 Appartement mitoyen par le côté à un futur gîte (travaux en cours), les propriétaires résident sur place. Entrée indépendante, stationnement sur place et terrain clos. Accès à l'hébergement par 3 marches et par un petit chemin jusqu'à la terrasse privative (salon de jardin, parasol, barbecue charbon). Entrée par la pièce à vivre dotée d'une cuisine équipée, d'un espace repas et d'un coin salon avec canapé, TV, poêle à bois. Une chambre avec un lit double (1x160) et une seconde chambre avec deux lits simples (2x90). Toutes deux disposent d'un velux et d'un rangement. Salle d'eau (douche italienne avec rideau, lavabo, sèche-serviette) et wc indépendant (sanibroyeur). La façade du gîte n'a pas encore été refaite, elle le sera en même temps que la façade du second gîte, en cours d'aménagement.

* * *

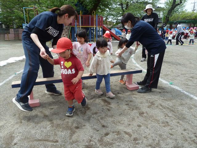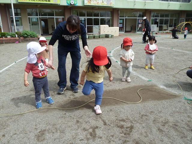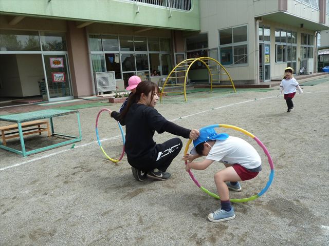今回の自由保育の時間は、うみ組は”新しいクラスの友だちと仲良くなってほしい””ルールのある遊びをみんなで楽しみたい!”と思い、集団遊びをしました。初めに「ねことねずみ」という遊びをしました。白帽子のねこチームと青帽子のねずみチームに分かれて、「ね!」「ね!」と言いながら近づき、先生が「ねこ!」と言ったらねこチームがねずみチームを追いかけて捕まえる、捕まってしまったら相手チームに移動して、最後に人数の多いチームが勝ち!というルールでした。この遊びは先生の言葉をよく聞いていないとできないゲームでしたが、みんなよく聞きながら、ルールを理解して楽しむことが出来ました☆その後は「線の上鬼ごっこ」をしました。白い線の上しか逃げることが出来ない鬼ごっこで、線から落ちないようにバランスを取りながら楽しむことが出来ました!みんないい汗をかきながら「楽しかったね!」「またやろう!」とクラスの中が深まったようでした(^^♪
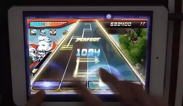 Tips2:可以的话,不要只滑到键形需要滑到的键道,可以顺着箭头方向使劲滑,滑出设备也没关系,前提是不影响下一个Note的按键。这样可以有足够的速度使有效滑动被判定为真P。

TASK INSTRUCTIONS -> Beginning with the line that contains "今回の自由保育の時間は、うみ", write out the lines of the material above exactly, and end with the line that contains "Tips2:可以的话,不要只". Omit the pictures.

ANSWER TO THIS EXERCISE ->
今回の自由保育の時間は、うみ組は”新しいクラスの友だちと仲良くなってほしい””ルールのある遊びをみんなで楽しみたい!”と思い、集団遊びをしました。初めに「ねことねずみ」という遊びをしました。白帽子のねこチームと青帽子のねずみチームに分かれて、「ね!」「ね!」と言いながら近づき、先生が「ねこ!」と言ったらねこチームがねずみチームを追いかけて捕まえる、捕まってしまったら相手チームに移動して、最後に人数の多いチームが勝ち!というルールでした。この遊びは先生の言葉をよく聞いていないとできないゲームでしたが、みんなよく聞きながら、ルールを理解して楽しむことが出来ました☆その後は「線の上鬼ごっこ」をしました。白い線の上しか逃げることが出来ない鬼ごっこで、線から落ちないようにバランスを取りながら楽しむことが出来ました!みんないい汗をかきながら「楽しかったね!」「またやろう!」とクラスの中が深まったようでした(^^♪
 Tips2:可以的话,不要只滑到键形需要滑到的键道,可以顺着箭头方向使劲滑,滑出设备也没关系,前提是不影响下一个Note的按键。这样可以有足够的速度使有效滑动被判定为真P。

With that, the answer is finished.